= WHAT YOU NEED TO DO =
Write the entries below out again exactly; any picture in them stays out.

Data records:
----------

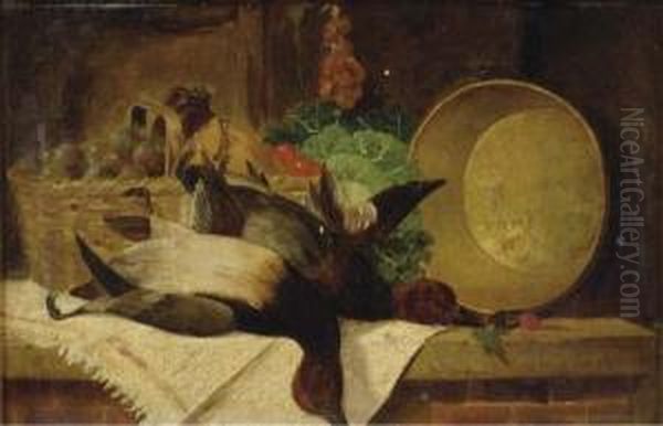 Still Life With Ducks, A Basket Of Fruit And A Pot On A Ledge
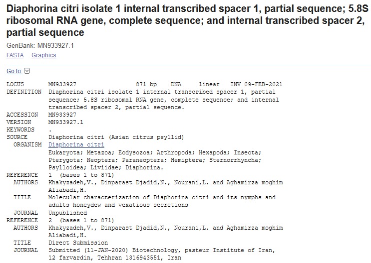 در همین راستا توالی دو نمونه جدید در ژنوم این حشره را کشف کردیم و با کدهای MN933927 و MN933928 در بانک جهانی ژن (GenBank) ثبت نمودیم. لینک دسترسی به ژن های ثبت شده به شرح زیر است:
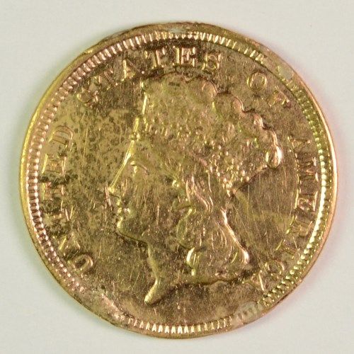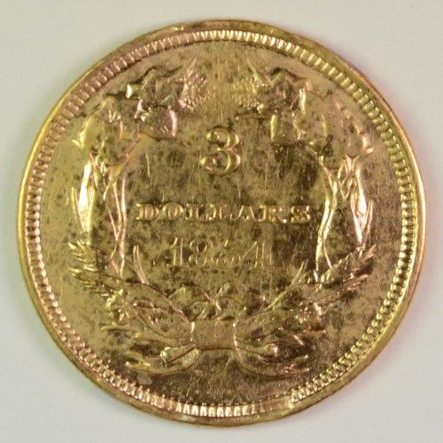 1854 $3.00 GOLD, AU, BUT RIM BUMPS, STILL A DECENT COIN!!
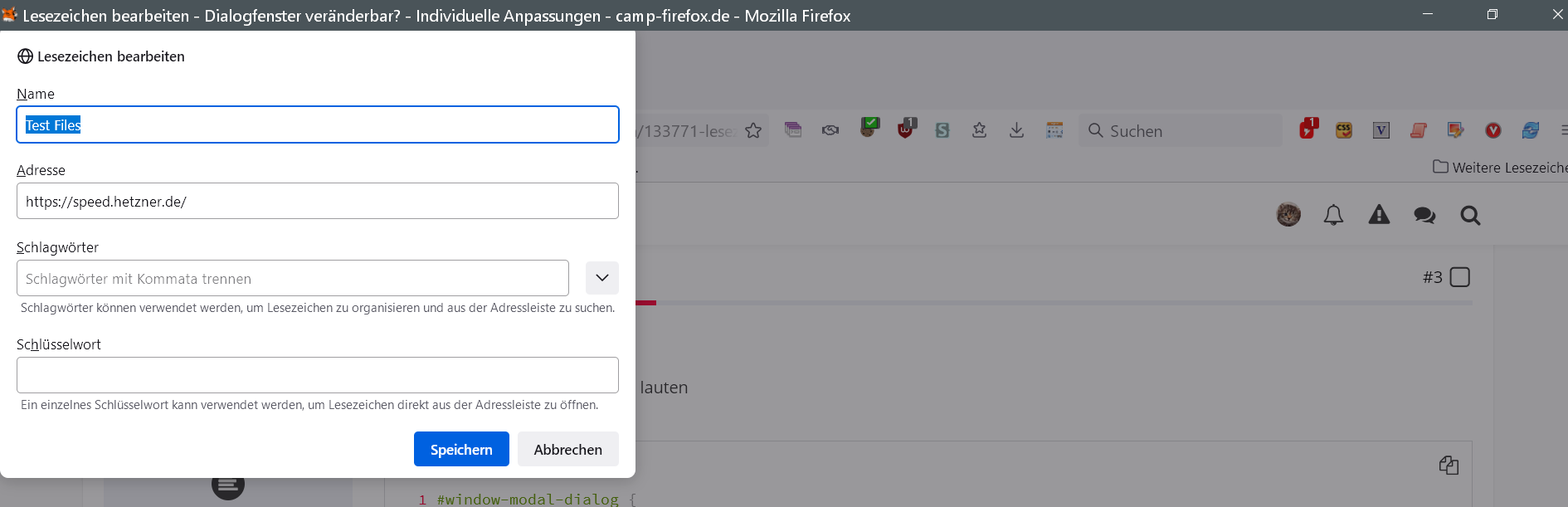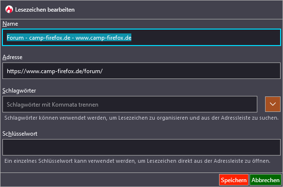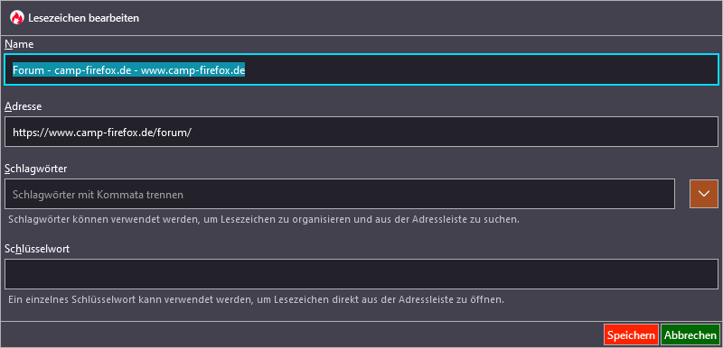 Lesezeichen bearbeiten - Dialogfenster veränderbar?
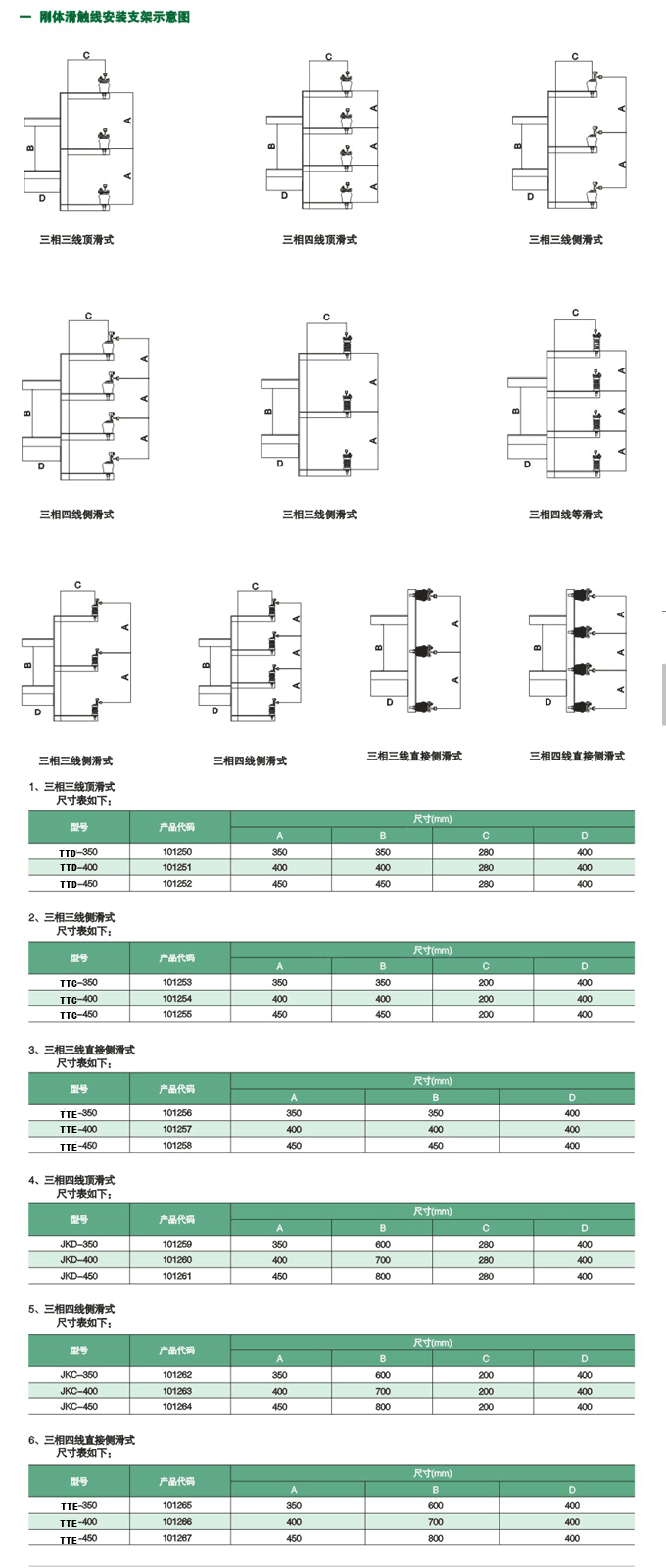 1.三相三线顶滑式 2.三相三线侧滑式 3.三相三线直接侧滑式 4.三相四线顶滑式 5.三相四线侧滑式 6.三相四线直接侧滑式

----------

= ANSWER TO THIS TASK =
 Still Life With Ducks, A Basket Of Fruit And A Pot On A Ledge
 در همین راستا توالی دو نمونه جدید در ژنوم این حشره را کشف کردیم و با کدهای MN933927 و MN933928 در بانک جهانی ژن (GenBank) ثبت نمودیم. لینک دسترسی به ژن های ثبت شده به شرح زیر است:
 1854 $3.00 GOLD, AU, BUT RIM BUMPS, STILL A DECENT COIN!!
 Lesezeichen bearbeiten - Dialogfenster veränderbar?
 1.三相三线顶滑式 2.三相三线侧滑式 3.三相三线直接侧滑式 4.三相四线顶滑式 5.三相四线侧滑式 6.三相四线直接侧滑式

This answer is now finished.